A couple of points as I used to share your opinion, but I recently purchase a
Edge Plus which changed my views (which while not as extreme were aligned with
yours.

1.) For the most part, I do prefer stock android in terms of aesthetics and
some key apps (dialer, etc).

2.) Samsung has really toned down their over the top "colourful" aesthetic on
phones. They are increasingly following Material design guidelines.

3.) Depending on the carrier variant (and this could be killer), Samsung
bundle apps are not as critical anymore and they definitely do not cause weird
breakages when disabled.

4.) Having used both a Nexus 6P (considered the cream of the crop when it
comes to stock Android experience) and there is very little performance
difference between the two.

5.) Samsung (and other OEMs) have always been ahead of the curve of stock
android when it comes to features that were co-opted into later versions on
Android. They were the first to have quick access toggles in the notification
bar, lock screen notifications, etc. So there were always some trade-offs.
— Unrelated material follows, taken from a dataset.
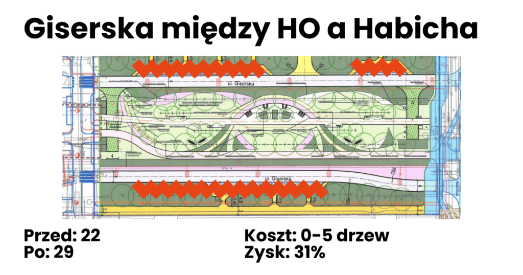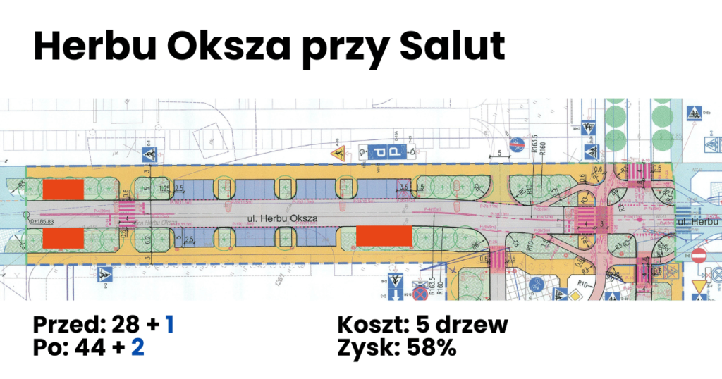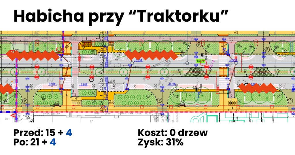 Jak widać da się wygospodarować więcej miejsc. Jest to fizycznie i prawnie możliwe. Jest z tego nawet całkiem przyzwoity uzysk, od 31 do 58% dodatkowych miejsc. Niektórzy sugerują, że na Habicha w okolicy Kompanii AK “Goplana” dałoby się wytyczyć miejsca w drugim rzędzie. Tyle, że tamtędy przebiega droga pożarowa. Jak chcecie skłonić urzędników do zmiany jej w miejsca parkingowe? Jak zdobędziecie na to pozytywną opinię Straży Pożarnej? Osobiście mogę tylko życzyć powodzenia.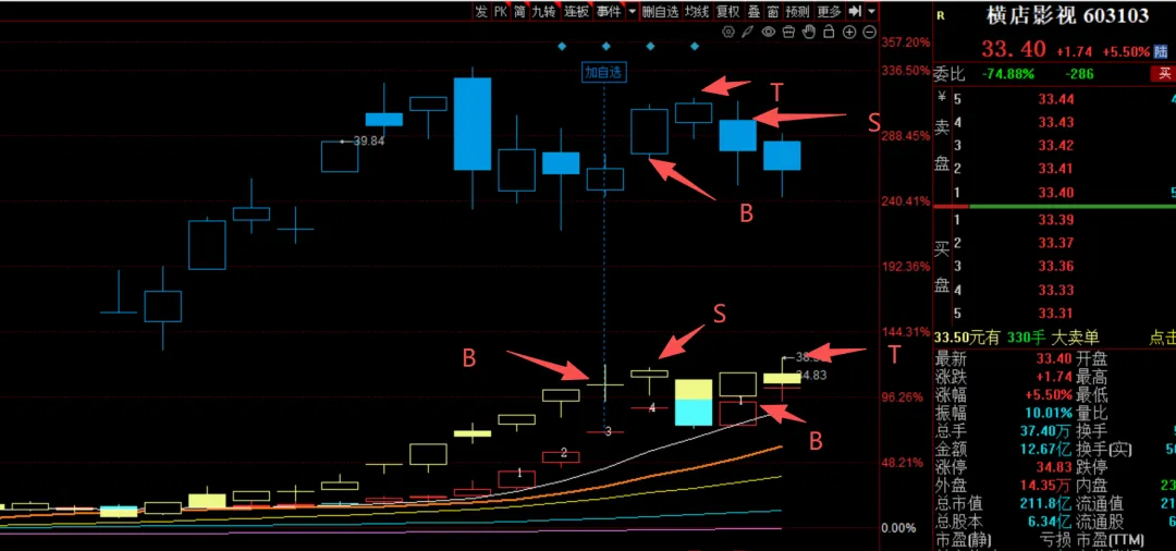 所以从周五的分时来看,最能代表合力的方向是横店影视。而且从尾盘的砸盘来看,也是杭电股份先开板而横店影视后开板,所以尾盘横店的恐慌,主观认为是一个过渡恐慌,毕竟这里并没有很多杀跌力量。

6.) Even without getting into third party launchers, etc that can completely
ape stock android in looks - Samsung has finally included proper theming
support for their devices - so even a novice user can download a "Material
Dark / Material Light" theme.

One perfect example that is still relevant to this day is the multi-window
option that I use daily on my Edge Plus, which would not be possible on a
Nexus device (just yet).

------
kozukumi
Looks great but no way am I going to go back to Samsung now I have a Nexus 6P.
In the past the Nexus phones have always been kinda "nice but not great" but
the 6P is easily one of best phones you can buy. The camera is top-notch, the
screen is stunning, performance is awesome and battery life is incredible. And
stock Android is bliss. I can't really fault it :)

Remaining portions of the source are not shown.